Searching for: Offline Voice Assistant + Speech-To-Text + Privacy

Hello,
i know there are similar topics already around from the past.
Im trying to sum up what i found and ask if my view is correct and what could be the best direction to take.

My current setup:

  • HomeServer with Docker
  • openHAB running in Docker
  • Google Home Assistant Speakers and openHAB connected to Google Home Assistant

What i am looking for:

  1. Offline voice assistant
  2. Privacy regarding voice commands
  3. (optional) Custom howord for activating voice commands
  4. Availalbility of each triggered command as text in openHAB-Rules (Speech-to-Text)
  5. Home-Speakers/-Microphone → Re-Use of Google Home Devices would be nice, but i think this is limited to Google Home Assistant only
  6. YouTube Music support

What i found:

From the other topics i found these possibilities and try my best to do a quick sum up of each one (as a non-expert):

Google Home Assistant

  • Already working for me
  • Lack of privacy
  • If Speech-to-Text is possible (where im not sure), i would need a paid Google Cloud Service

Mycroft

  • Not fully offline
  • Privacy should be OK
  • Hardware has to be acquired from Mycroft (Mycroft Mark II)
  • YouTube Music not working
  • Connection to openHAB via Binding
  • Pre-Defined Hotwords can be chosen

Snips

  • Seems to be not as maintained as others?

Sepia

  • Powerful and maintained
  • Not sure about the possiblies regarding HomeSpeaker-Hardware
  • Communication to openHAB via MQTT

Bottom line

  1. Did i get the possiblities more or less right?
  2. Is it possible to use e.g. Sepia in parallel to my current setup, but only for Speech-to-Text conversion of all my voice-commands, recognized from Google-Home-Assistant?
  3. Are there Hardware-Solutions for HomeSpeakers i missed?
  4. Does anyone have advices for me where to go, or is the current situation limited by the described topics

Thanks in advance and sorry if i got one or the other not fully correct.

Edit:
Seems that i did miss one very important topic, related to Sepia which is very helpful for me:

SEPIA Open Assistant - Privacy respecting, self-hosted voice-control - Apps & Services / 3rd Party - openHAB Community

Talk to your Smart Home via SEPIA Open Assistant | by Florian Quirin | SEPIA Framework | Medium

Im very impressed and i think this looks very promising to me

There are multiple tts engines available in Linux. I have used this one previouslywhich is nice.

1 Like

Thank you!
Basically I am searching for
Speech
To
Text
To analyze the commands in openHAB more individual than e.g.
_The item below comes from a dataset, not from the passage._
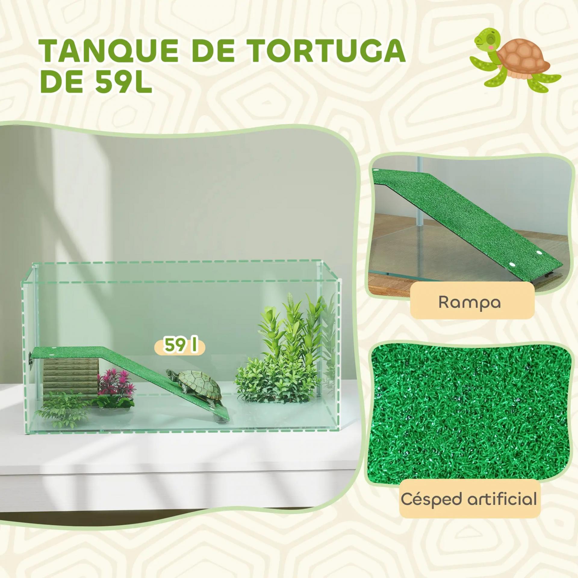 - - PLATAFORMA DE DESCANSO: Este acuario para tortugas incluye una plataforma de acrílico para tomar el sol, diseñada para tortugas con caparazones de hasta 6 cm de longitud. Cuenta con una rampa suave y una superficie de césped artificial para facilitar un ascenso seguro
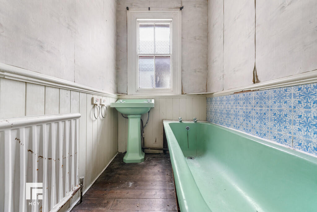 BATHROOM8' 9" x 7' 1" (2.67m x 2.16m) Continuation of floorboards from hallway. Obscure window to side aspect. Pedestal wash hand basin with hot and cold tap over. Panelled bath with hot and cold tap over. Partially tiled walls. Pendant light fitting.

Google Assistant is providing it for me

That’s not right, you can also deploy it on a Raspi.

To put this into some greater context:
I’d advise anyone with this starting point to reconsider the absolute requirement that speech recognition has to be offline.
This results in A LOT of work to you ahead at installation time as well as on any extension works, lots of issues in maintaining and use (offline speech recognition is never as good as online is) and lack of applicability.
There’s always a tradeoff between privacy and efforts.
Funnily, this ‘absolute’ requirement is very often issued by people that in turn don’t pay nowhere near the same level of attention to keeping ALL of their communications and private data private in applications ‘next door’ (you already own Google Home devices, you use YouTube Music, you shop @Amazon, you are on Fazebuck etc).
You can, just for example, as-well install an Alexa with a dummy account outside your LAN and have it talk very well-defined and -controlled to your openHAB through myOpenHAB only.
Simple to setup and maintain and ultimately in fact not really any less ‘private’ let alone ‘secure’.
And the Alexa skill for openHAB is really good and flexible. The amazonechocontrol binding also provides TTS.

1 Like

Thx for the hint with Alexa talking to myOpenHAB
@mstormi could you just give me a tiny explanation about the hardware i could use in this case?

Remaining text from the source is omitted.